SpaceX Stock Decline and Market Impact

SpaceX (NASDAQ:SPCX) closed 16.4% lower on Monday, trading at $154.59, just a few dollars above the $150 IPO opening price on June 12, after having peaked at $225.64 since its trading debut. The 16.4% pullback erased roughly $400 billion of market capitalization, prompting investors to reassess whether the company’s long‑term growth prospects justify its elevated valuation.

The stock continued to slide in Tuesday’s pre‑market session, falling an additional 3.1% by 06:00 ET (10:00 GMT).

Financial Position and Funding

SpaceX disclosed that it held approximately $100.8 billion in cash and cash equivalents as of June 19. On the same day, the company launched a senior unsecured notes offering, stating that the proceeds would be used to repay bridge financing and for general corporate purposes.

Analyst Coverage and Valuation Multiples

KeyBanc initiated coverage of SpaceX with a Sector Weight rating, arguing that the company’s significant long‑term growth opportunities are already reflected in its share price. The brokerage noted that SpaceX trades at roughly 29× price‑to‑sales and 71× EV/EBITDA based on its 2027 estimates, representing a substantial premium to peers across the space, AI, and communications services sectors. Six analysts assigned Buy ratings, while CFRA was the sole firm with a Sell rating.

Business Segments and Revenue Breakdown

SpaceX operates three primary segments:

  • Connectivity (Starlink satellite internet) contributed 61% of 2025 revenue, generating about $11.4 billion and delivering a 63% adjusted EBITDA margin.
  • Space encompasses launch vehicles such as Falcon 9 and the next‑generation Starship.
  • AI includes the Grok chatbot and xAI computing infrastructure, which was formed after the February 2026 merger with Elon Musk’s AI startup.

AI Segment Contracts and Outlook

Although the AI segment remains loss‑making, it has secured major long‑term compute contracts: a deal with Anthropic valued at roughly $1.25 billion per month and a separate agreement with Google worth about $920 million per month. KeyBanc projects AI segment revenue to reach approximately $50.6 billion by 2027, positioning it as the primary medium‑term growth driver. The firm cautioned that the Grok model has yet to achieve meaningful market traction, holding only 3.1% U.S. business adoption compared with 41% for Anthropic and 39.5% for OpenAI, and described the next 12‑24 months as a “prove it phase.”
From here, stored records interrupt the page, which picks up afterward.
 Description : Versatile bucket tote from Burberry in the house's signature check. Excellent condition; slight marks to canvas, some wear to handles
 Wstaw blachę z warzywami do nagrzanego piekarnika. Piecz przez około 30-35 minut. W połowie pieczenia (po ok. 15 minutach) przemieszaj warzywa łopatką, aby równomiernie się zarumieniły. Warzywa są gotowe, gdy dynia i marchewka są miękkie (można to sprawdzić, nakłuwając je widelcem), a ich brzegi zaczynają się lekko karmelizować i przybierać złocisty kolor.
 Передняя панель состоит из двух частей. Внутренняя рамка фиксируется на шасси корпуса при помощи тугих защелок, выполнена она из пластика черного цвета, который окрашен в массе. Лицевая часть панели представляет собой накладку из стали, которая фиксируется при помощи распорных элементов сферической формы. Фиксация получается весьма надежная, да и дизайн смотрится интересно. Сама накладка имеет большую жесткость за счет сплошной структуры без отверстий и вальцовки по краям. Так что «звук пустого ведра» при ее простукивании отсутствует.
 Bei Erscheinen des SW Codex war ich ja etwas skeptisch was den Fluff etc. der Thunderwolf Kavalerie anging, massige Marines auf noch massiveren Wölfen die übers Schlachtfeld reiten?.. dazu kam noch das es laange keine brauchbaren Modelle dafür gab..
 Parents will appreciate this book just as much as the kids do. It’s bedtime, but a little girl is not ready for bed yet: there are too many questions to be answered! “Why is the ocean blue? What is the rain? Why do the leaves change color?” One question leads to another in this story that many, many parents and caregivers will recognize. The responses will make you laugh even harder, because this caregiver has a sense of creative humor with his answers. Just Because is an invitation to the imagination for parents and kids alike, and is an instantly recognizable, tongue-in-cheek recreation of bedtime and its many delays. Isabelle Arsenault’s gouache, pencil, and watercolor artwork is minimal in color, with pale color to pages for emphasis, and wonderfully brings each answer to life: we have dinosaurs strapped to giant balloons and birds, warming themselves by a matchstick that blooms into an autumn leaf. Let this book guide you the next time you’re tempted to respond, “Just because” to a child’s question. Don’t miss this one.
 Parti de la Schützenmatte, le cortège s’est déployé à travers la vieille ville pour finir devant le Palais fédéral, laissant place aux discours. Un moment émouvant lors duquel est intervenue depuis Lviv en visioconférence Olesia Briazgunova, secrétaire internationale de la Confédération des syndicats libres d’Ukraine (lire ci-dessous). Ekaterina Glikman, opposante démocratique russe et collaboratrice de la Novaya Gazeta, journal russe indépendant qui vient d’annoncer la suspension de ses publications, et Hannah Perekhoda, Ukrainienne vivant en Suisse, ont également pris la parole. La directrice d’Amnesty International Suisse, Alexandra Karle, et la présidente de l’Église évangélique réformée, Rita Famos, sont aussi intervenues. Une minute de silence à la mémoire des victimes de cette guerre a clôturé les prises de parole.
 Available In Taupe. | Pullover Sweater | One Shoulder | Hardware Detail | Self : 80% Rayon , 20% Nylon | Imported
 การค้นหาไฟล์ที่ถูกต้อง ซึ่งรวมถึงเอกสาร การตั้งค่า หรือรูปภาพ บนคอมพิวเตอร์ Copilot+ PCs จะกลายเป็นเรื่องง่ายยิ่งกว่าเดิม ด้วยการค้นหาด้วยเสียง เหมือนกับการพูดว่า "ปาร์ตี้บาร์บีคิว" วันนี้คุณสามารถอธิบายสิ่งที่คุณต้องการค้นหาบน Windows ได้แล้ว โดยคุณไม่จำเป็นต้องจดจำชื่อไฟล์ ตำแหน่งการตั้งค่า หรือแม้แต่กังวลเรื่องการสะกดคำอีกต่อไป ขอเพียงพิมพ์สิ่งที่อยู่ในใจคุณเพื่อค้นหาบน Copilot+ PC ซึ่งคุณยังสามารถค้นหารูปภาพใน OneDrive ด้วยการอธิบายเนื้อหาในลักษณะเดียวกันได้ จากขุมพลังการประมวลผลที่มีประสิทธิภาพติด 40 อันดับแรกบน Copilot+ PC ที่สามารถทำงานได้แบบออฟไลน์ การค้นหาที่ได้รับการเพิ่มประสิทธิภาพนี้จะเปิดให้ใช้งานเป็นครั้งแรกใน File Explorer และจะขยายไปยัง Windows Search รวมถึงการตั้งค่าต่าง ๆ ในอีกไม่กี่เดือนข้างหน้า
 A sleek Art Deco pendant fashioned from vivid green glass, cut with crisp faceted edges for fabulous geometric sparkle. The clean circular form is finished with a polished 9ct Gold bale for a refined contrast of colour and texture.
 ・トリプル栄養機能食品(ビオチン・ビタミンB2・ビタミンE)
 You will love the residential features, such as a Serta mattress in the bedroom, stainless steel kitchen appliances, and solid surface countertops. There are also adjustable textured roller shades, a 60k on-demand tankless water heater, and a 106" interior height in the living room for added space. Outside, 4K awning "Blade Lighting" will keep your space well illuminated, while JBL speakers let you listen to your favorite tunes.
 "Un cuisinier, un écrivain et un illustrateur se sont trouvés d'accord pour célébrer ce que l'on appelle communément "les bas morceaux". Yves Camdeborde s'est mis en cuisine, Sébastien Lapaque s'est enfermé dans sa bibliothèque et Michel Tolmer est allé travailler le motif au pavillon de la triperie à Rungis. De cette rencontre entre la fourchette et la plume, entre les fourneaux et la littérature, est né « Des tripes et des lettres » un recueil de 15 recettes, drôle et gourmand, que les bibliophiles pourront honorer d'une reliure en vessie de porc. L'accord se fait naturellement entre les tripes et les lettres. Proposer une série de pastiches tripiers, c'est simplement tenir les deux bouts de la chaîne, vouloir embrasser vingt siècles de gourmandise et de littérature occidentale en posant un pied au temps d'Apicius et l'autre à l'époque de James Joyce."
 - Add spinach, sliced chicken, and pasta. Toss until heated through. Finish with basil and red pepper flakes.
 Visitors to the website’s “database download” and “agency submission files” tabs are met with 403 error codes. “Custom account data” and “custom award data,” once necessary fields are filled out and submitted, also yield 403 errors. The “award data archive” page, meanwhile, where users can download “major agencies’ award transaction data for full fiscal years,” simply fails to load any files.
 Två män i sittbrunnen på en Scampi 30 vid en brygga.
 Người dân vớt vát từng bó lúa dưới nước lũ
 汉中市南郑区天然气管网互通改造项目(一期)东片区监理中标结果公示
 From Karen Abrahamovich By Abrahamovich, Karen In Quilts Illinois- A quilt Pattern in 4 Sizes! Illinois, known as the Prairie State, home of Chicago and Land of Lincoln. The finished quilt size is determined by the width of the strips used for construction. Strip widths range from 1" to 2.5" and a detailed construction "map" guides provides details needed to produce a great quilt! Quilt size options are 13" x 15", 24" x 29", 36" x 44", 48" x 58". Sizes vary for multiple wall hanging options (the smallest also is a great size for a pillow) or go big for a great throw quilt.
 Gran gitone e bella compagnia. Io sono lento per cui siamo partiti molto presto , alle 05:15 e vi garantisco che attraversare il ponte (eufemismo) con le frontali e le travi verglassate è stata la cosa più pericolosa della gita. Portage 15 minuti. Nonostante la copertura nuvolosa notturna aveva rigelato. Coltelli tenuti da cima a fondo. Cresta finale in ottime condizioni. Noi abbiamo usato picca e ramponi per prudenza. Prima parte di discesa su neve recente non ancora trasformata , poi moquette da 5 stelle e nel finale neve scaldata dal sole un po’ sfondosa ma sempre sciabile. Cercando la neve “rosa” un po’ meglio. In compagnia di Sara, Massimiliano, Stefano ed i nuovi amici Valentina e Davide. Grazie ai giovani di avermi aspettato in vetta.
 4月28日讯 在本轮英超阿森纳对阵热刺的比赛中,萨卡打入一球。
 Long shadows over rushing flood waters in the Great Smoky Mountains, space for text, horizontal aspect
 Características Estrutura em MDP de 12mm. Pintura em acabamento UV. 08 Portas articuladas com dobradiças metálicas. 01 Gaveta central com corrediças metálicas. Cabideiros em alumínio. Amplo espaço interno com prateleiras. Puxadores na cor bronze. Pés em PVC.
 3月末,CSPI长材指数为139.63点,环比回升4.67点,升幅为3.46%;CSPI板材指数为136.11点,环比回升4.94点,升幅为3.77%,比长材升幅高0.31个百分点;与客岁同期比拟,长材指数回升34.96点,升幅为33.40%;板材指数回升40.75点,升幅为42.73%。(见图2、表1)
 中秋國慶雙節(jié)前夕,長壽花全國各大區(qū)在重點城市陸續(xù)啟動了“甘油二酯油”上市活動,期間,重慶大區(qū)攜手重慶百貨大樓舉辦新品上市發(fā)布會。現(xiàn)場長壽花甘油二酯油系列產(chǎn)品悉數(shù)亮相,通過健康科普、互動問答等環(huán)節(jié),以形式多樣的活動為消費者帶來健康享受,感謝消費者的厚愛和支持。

Starship Development Timeline

Analysts identified the Starship development schedule as the pivotal variable for the investment case. Starship is essential for deploying next‑generation Starlink V3 satellites, reducing launch costs through full reusability, and eventually enabling orbital data centers. Flight 13 of Starship is slated for June 29, and while analysts remain optimistic about eventual success, they adopt a conservative stance on the timeline.

Share Structure and Ownership

SpaceX has roughly 13 billion shares outstanding, with only about 5% in the initial public float. Elon Musk holds a 42% stake, which is locked up until June 2027.

Analyst Ratings Summary

Six analysts issued Buy recommendations, KeyBanc provided a Sector Weight rating, and CFRA maintained a Sell rating.